:: Collected material ::
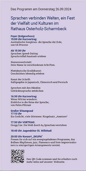 Neben einem Sprachen-Speed-Dating, Plattdeutscher Erzählkunst, australischen Songlines und einem Exkurs in die Kalligraphie, Kurzvorträgen und Gedichtvorträgen wird es einen Vortrag von Gregg Cox geben, der bis zu 64 Sprachen spricht.
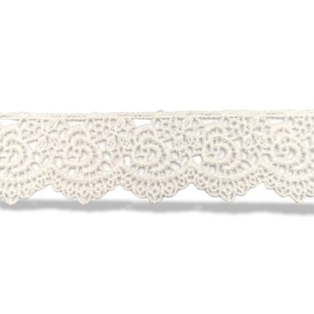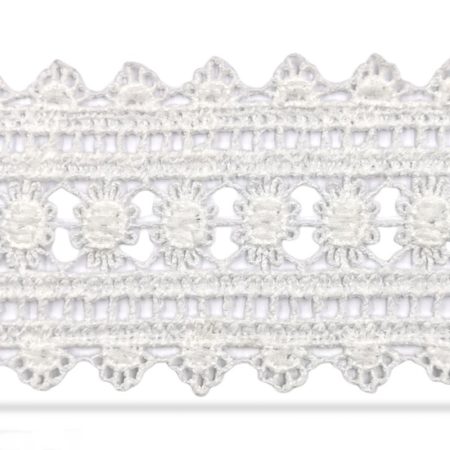 passamaneria in stile etnico, traforata e ricamata, realizzata in macramÈ bianco con disegni disposti in serie mm 40
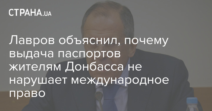 Министр иностранных дел Росси Сергей Лавров, считает, что выдача российских паспортов жителям "ДНР" и "ЛНР", (полмиллиона из которых получили российские документы - Ред.), не нарушает международное право.

:: Exercise details ::
In the copy, include no pictures; restate the listing above exactly.

:: Result for this task ::
 Neben einem Sprachen-Speed-Dating, Plattdeutscher Erzählkunst, australischen Songlines und einem Exkurs in die Kalligraphie, Kurzvorträgen und Gedichtvorträgen wird es einen Vortrag von Gregg Cox geben, der bis zu 64 Sprachen spricht.
 passamaneria in stile etnico, traforata e ricamata, realizzata in macramÈ bianco con disegni disposti in serie mm 40
 Министр иностранных дел Росси Сергей Лавров, считает, что выдача российских паспортов жителям "ДНР" и "ЛНР", (полмиллиона из которых получили российские документы - Ред.), не нарушает международное право.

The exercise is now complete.